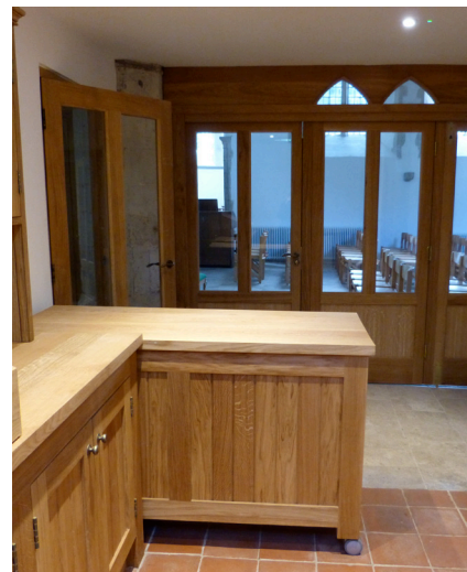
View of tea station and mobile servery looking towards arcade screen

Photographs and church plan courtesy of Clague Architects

※

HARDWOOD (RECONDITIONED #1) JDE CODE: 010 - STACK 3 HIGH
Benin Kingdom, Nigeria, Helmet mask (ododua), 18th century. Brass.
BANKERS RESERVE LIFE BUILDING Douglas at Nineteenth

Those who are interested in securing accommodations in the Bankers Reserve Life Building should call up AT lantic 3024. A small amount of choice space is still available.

※

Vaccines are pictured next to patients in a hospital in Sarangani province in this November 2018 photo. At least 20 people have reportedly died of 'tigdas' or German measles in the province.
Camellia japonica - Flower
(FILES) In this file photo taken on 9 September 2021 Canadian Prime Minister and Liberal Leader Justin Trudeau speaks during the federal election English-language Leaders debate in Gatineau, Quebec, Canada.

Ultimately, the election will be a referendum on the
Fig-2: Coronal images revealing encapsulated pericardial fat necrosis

※

-- Brief --
Using only the listing above, restate exactly the lines from the line containing "View of tea" through the line containing "Photographs and church", both included.

-- Output below --
View of tea station and mobile servery looking towards arcade screen

Photographs and church plan courtesy of Clague Architects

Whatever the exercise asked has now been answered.